Multi-Layered Optimal Navigation System For Quadrotors UAV

Research output: Contribution to journalArticle

Authors

External departments

  • University of Blida

Details

Original languageEnglish
JournalAircraft Engineering and Aerospace Technology
Early online date21 Oct 2019
DOIs
Publication statusE-pub ahead of print - 21 Oct 2019
Publication type

Research output: Contribution to journalArticle

Abstract

Purpose
This paper aims to propose a new multi-layered optimal navigation system that jointly optimizes the energy consumption, improves the robustness and raises the performance of a quadrotor unmanned aerial vehicle (UAV).

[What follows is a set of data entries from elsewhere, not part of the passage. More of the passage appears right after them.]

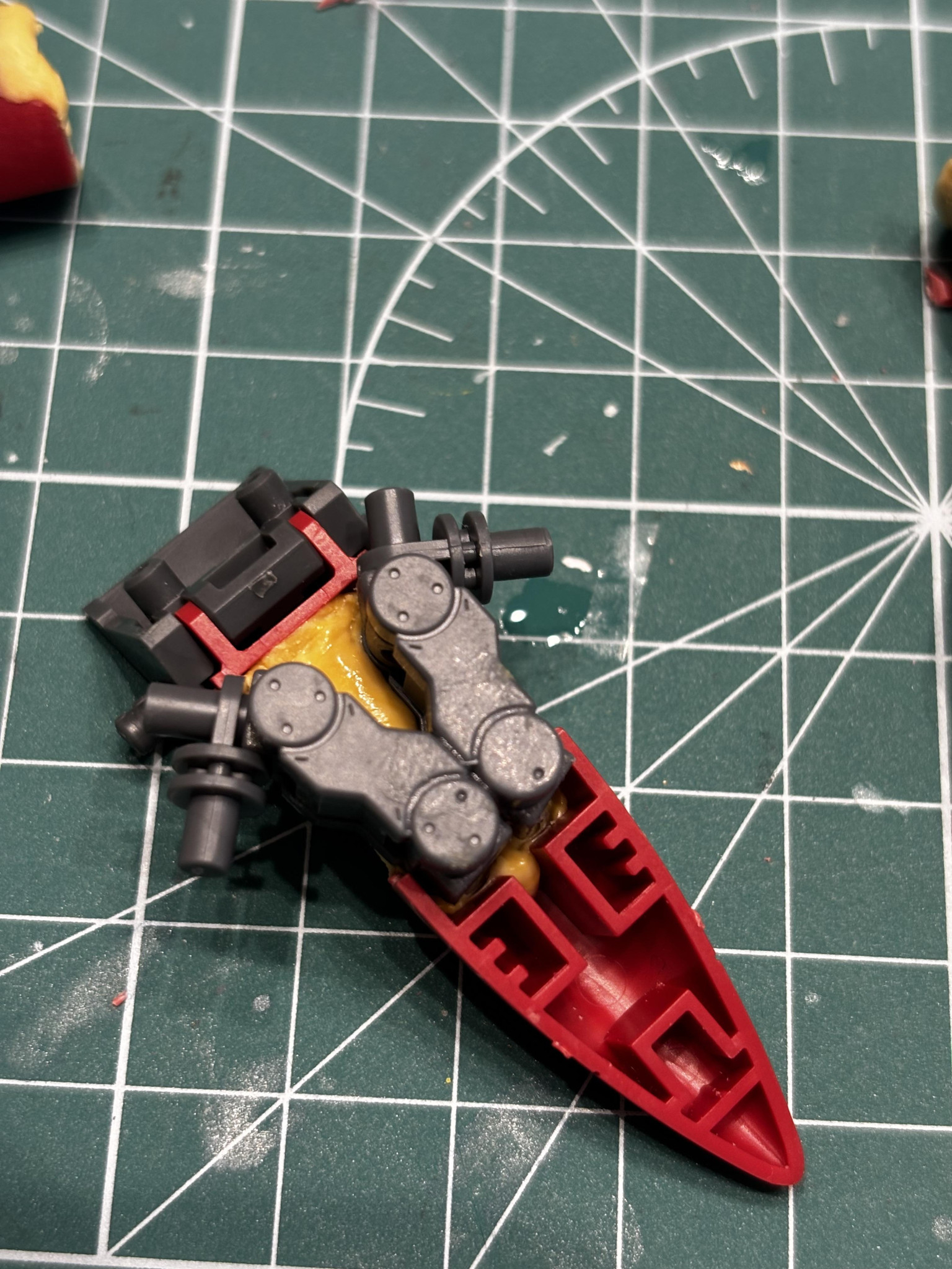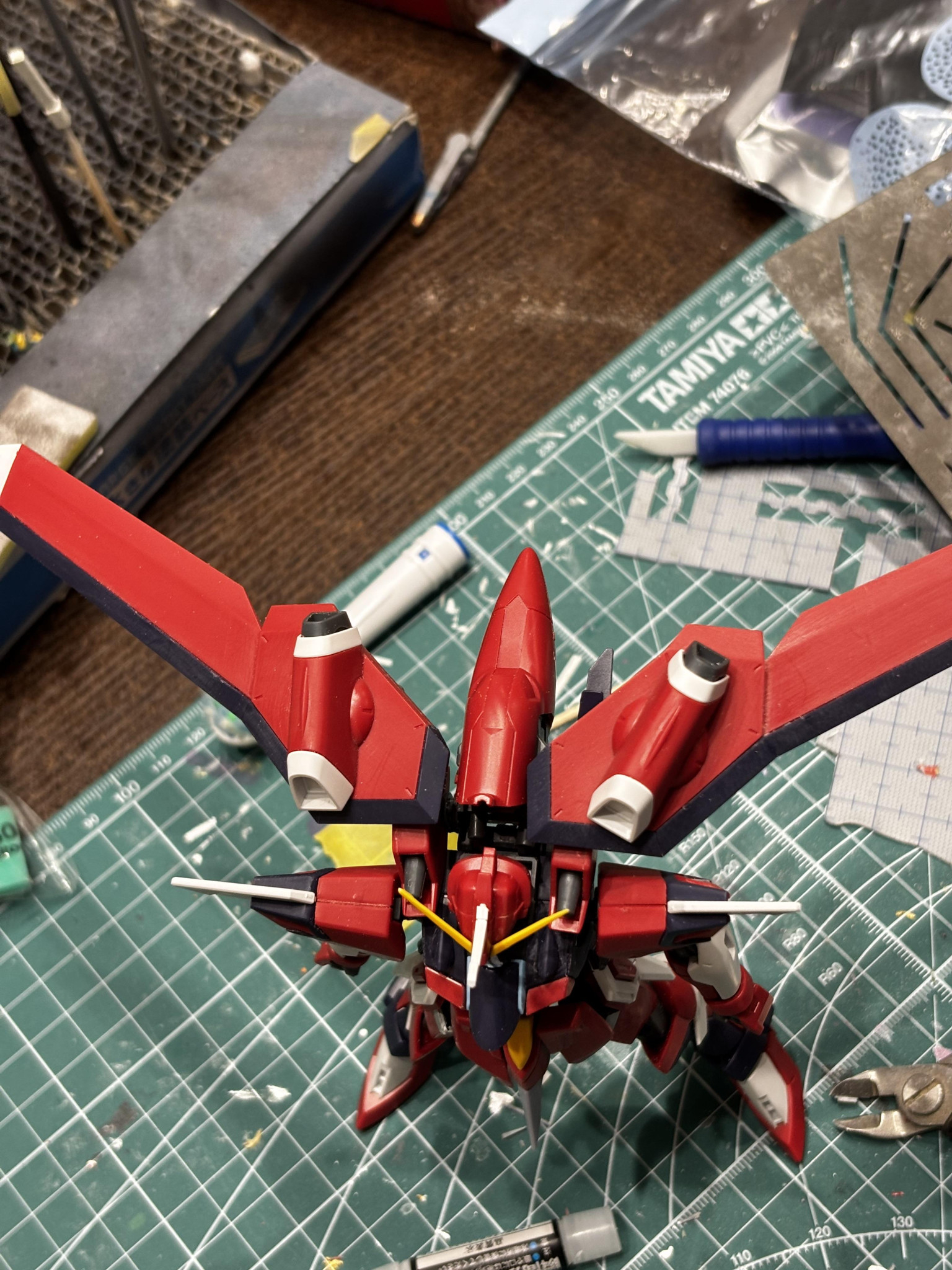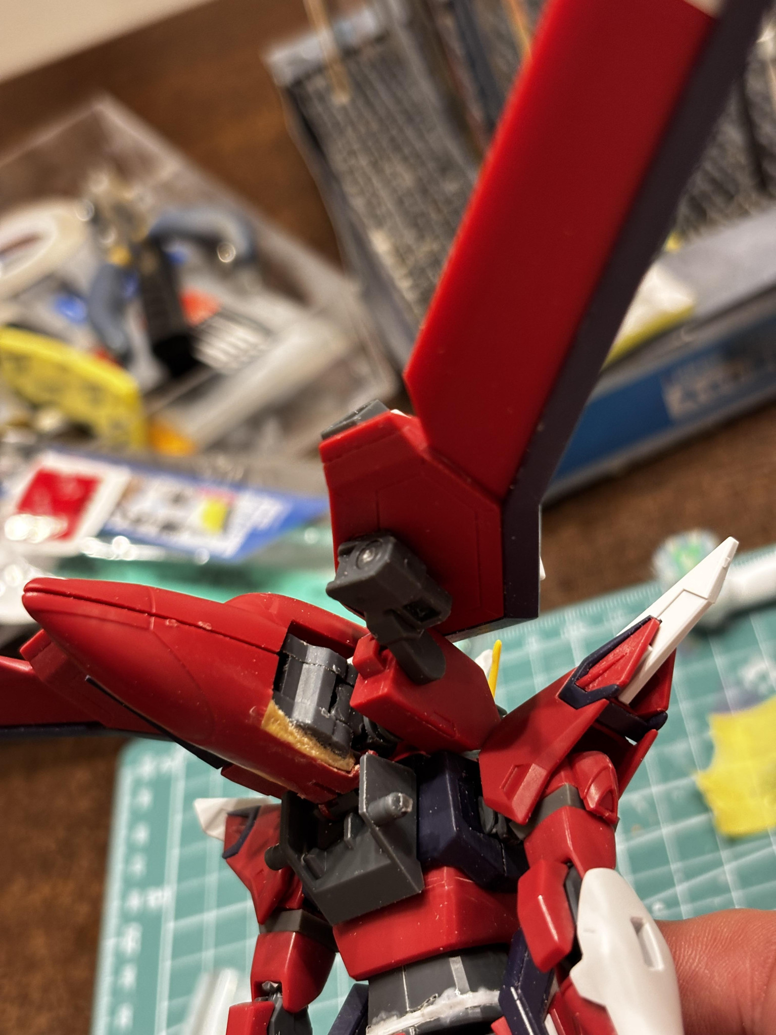 そのままでは肩に担ぐように稼働しないので、機首の中にブキヤのパーツを仕込んで、機首の可動を生かすことにしました。無駄にマントのように広がった翼は駐機状態にもなります。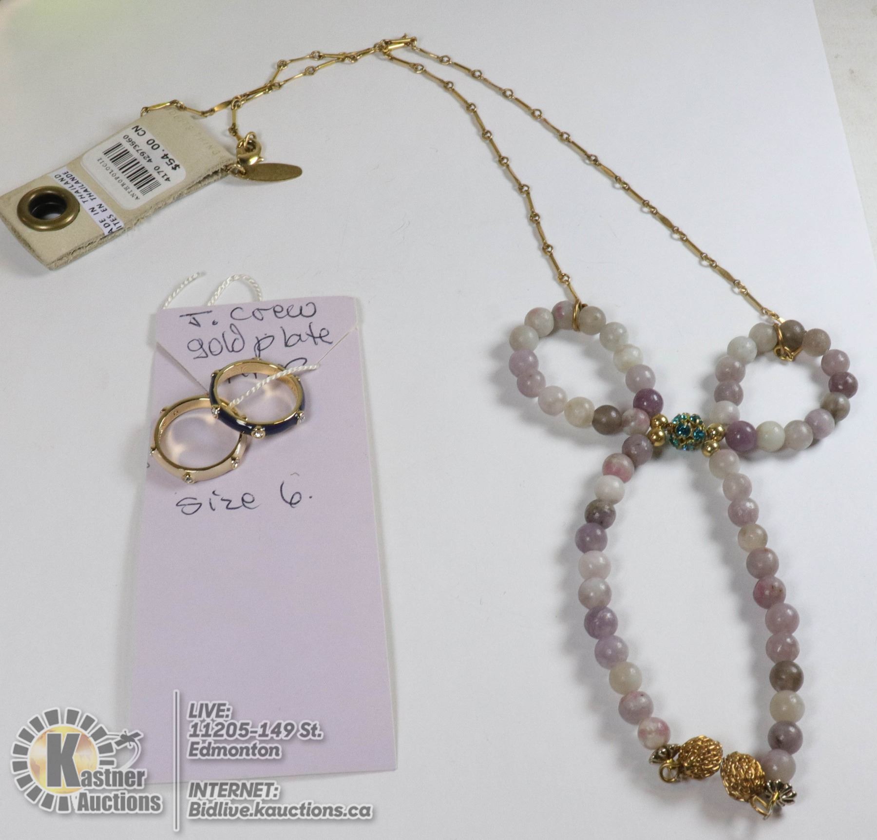 GOLD PLATE JCREW RINGS SIZE 6, ANTHROPOLOGIE GEMSTONE & SWAROVSKI BOW NECKLACE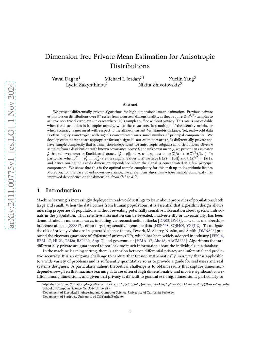 We present differentially private algorithms for high-dimensional mean estimation. Previous private estimators on distributions over suffer from a curse of dimensionality, as they require samples to achieve non-trivial error, even in cases where samples suffice without privacy. This rate is unavoidable when the distribution is isotropic, namely, when the covariance is a multiple of the identity matrix, or when accuracy is measured with respect to the affine-invariant Mahalanobis distance. Yet, real-world data is often highly anisotropic, with signals concentrated on a small number of principal components. We develop estimators that are appropriate for such signalsour estimators are -differentially private and have sample complexity that is dimension-independent for anisotropic subgaussian distributions. Given samples from a distribution with known covariance-proxy and unknown mean , we present an estimator that achieves error , as long as . In particular, when are the singular values of , we have and , and hence our bound avoids dimension-dependence when the signal is concentrated in a few principal components. We show that this is the optimal sample complexity for this task up to logarithmic factors. Moreover, for the case of unknown covariance, we present an algorithm whose sample complexity has improved dependence on the dimension, from to .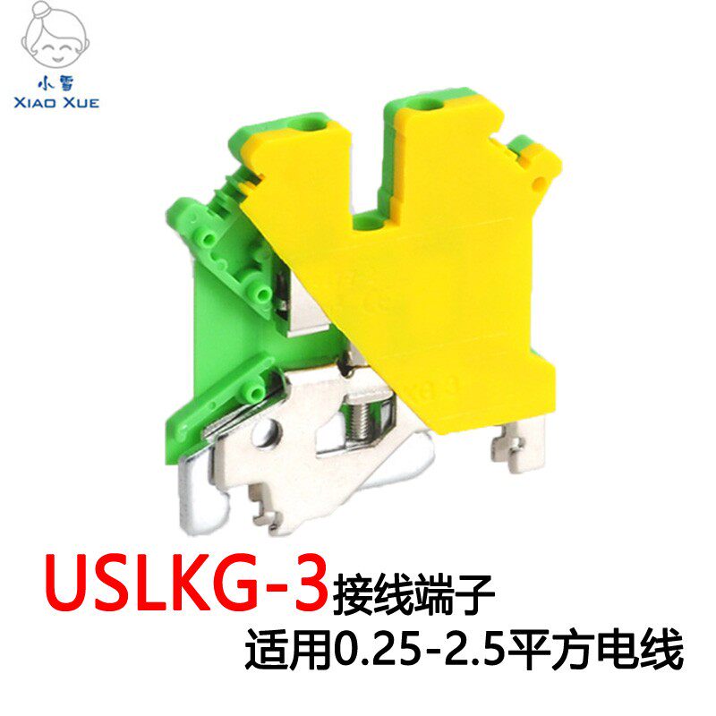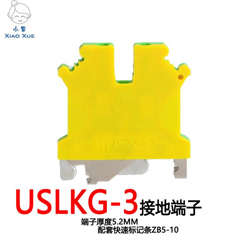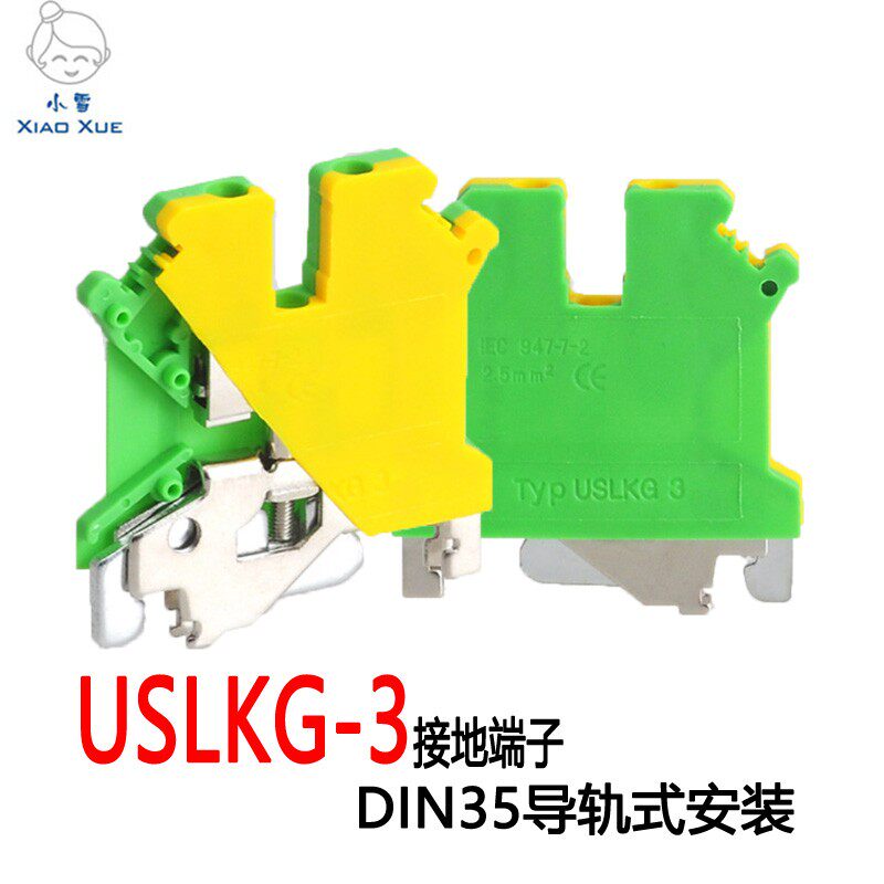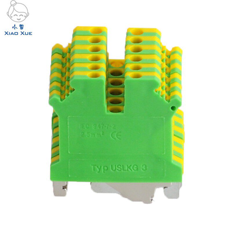 Yellow Green ground terminal USLKG-3 DIN rail terminal PE terminal row UK-3JD TS35 rail terminals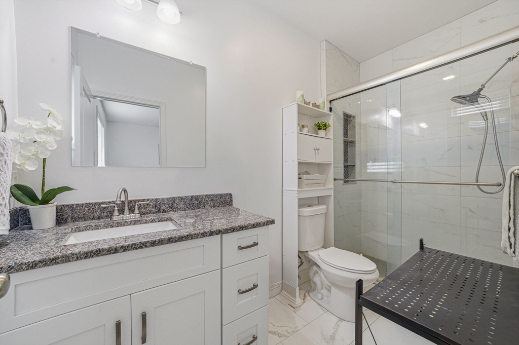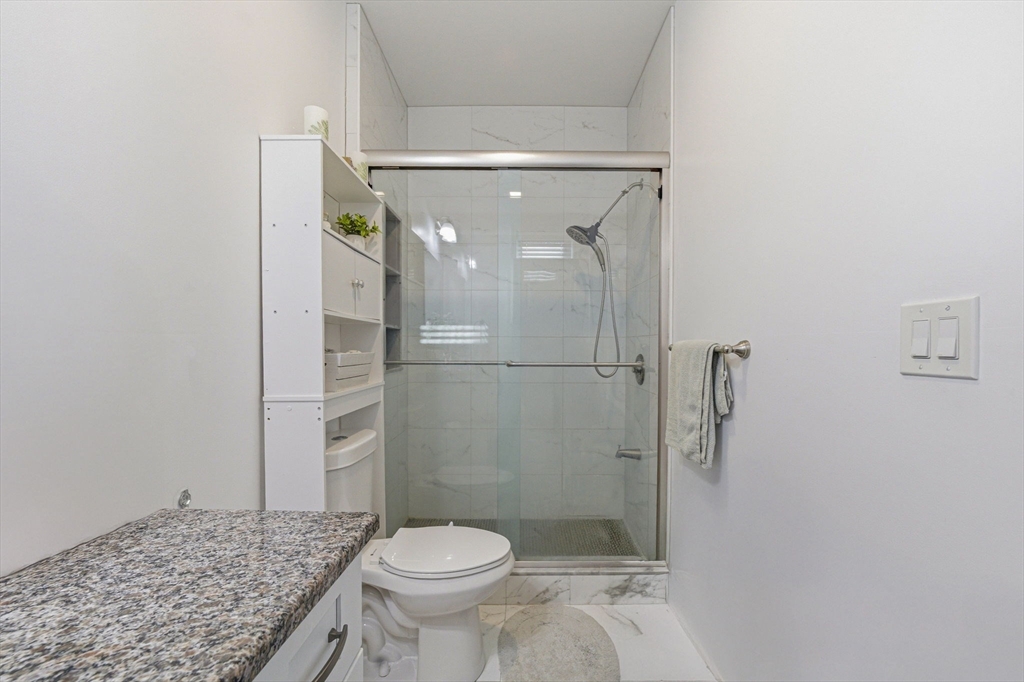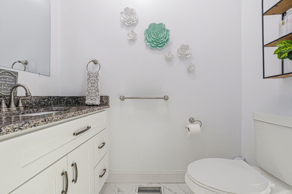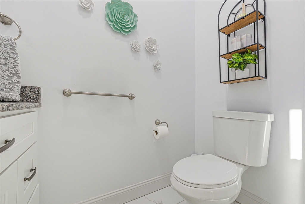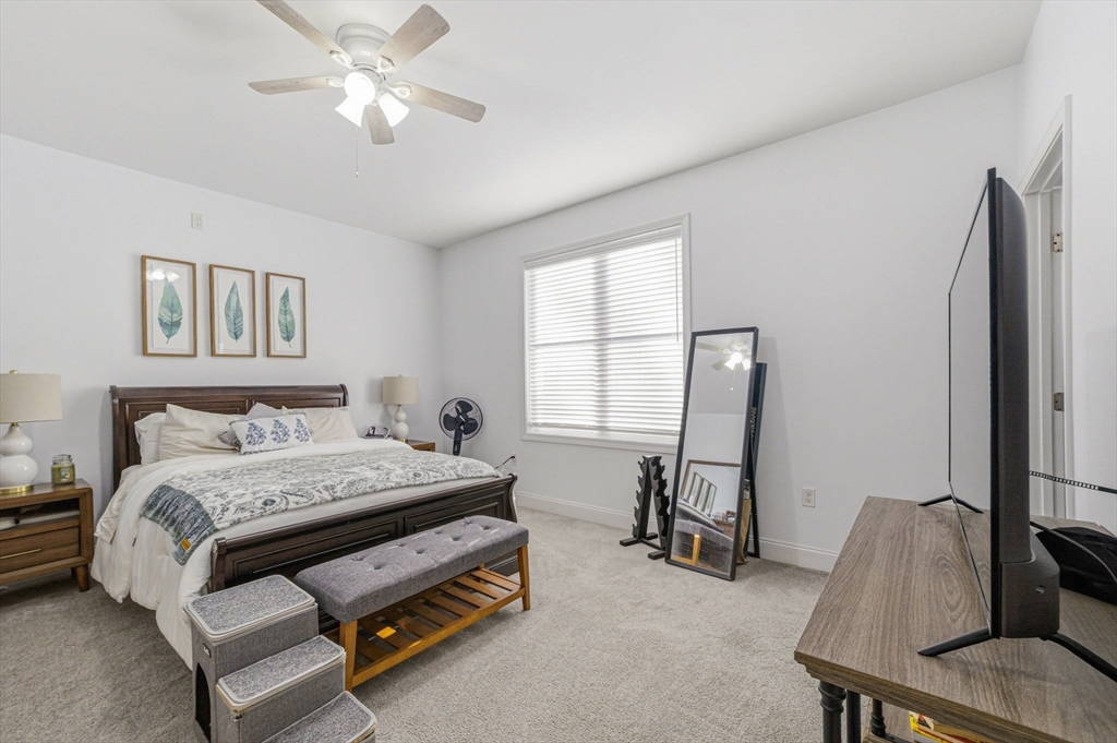 Welcome to this beautifully maintained 2021-built townhouse at 680 Temple St, Unit C4 in Whitman. This spacious three-level condominium offers a modern open floor plan designed for comfortable living and entertaining. The main level features hardwood flooring, an inviting living room a bright dining area. The stylish kitchen offers shaker cabinetry, granite countertops, a tile backsplash, stainless appliances, and a large center island ideal for meal prep and casual dining. Step out to a private deck perfect for relaxing outdoors. The upper level features two spacious primary bedroom suites, each with its own full bath and generous closet space, along with convenient second-floor laundry. Additional highlights include central air and gas heat with two zones, two deeded parking spaces plus guest parking, and an unfinished basement providing excellent storage or future finishing potential. Conveniently located near major routes, shopping, restaurants, and the commuter rail.
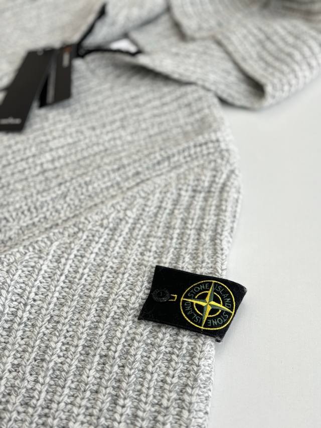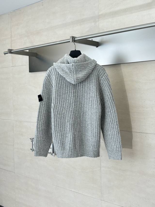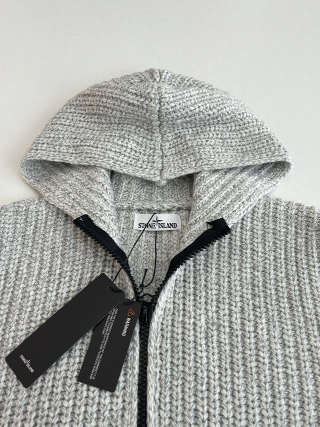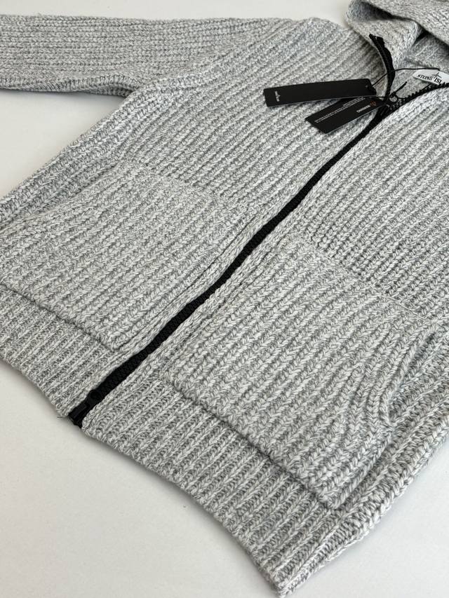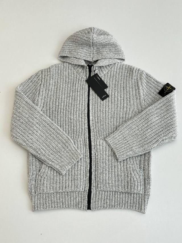 Stone Islan* Stone Island Chunky Knit Sleeve Logo Knit Zip-Up Jacket DDD Size: SML XL DDD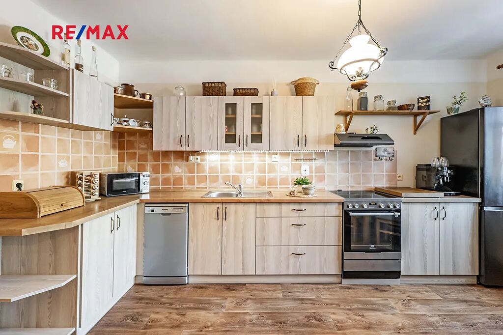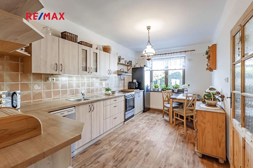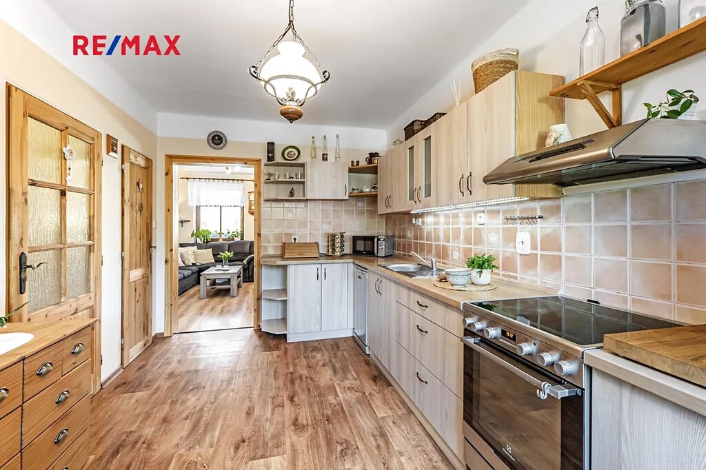 Podlahy jsou vinylové ve většině domu. V největším pokoji v patře je podlaha plovoucí. Kuchyně je stará cca pět let. Dům je odizolovaný (historicky byl podřezaný). Materiál střechy je kvalitní tzv. Betonpres. Nad ložnicí v přízemí a nad východem do zahrady je střecha z tašek KM Beta. Stropy v patře jsou zateplené stejně jako půda a štít (20 cm vaty). Na domě jsou instalované bezpečnostní kamery.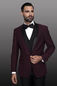 "Calloway" Burgundy 1-Button Shawl Tuxedo (3-Piece Set)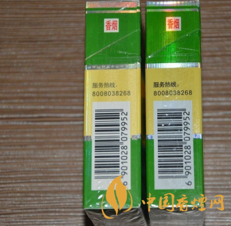 条形码背景白色明显发暗灰,同样上方香烟二字字体粗大颜色较深。

Design/methodology/approach
The proposed system is designed as a multi-layered system. First, the control architecture layer links the input and the output spaces via quaternion-based differential flatness equations. Then, the trajectory generation layer determines the optimal reference path and avoids obstacles to secure the UAV from collisions. Finally, the control layer allows the quadrotor to track the generated path and guarantees the stability using a double loop non-linear optimal backstepping controller (OBS).

Findings
All the obtained results are confirmed using several scenarios in different situations to prove the accuracy, energy optimization and the robustness of the designed system.

Practical implications
The proposed controllers are easily implementable on-board and are computationally efficient.

Originality/value
The originality of this research is the design of a multi-layered optimal navigation system for quadrotor UAV. The proposed control architecture presents a direct relation between the states and their derivatives, which then simplifies the trajectory generation problem. Furthermore, the derived differentially flat equations allow optimization to occur within the output space as opposed to the control space. This is beneficial because constraints such as obstacle avoidance occur in the output space; hence, the computation time for constraint handling is reduced. For the OBS, the novelty is that all controller parameters are derived using the multi-objective genetic algorithm (MO-GA) that optimizes all the quadrotor state’s cost functions jointly.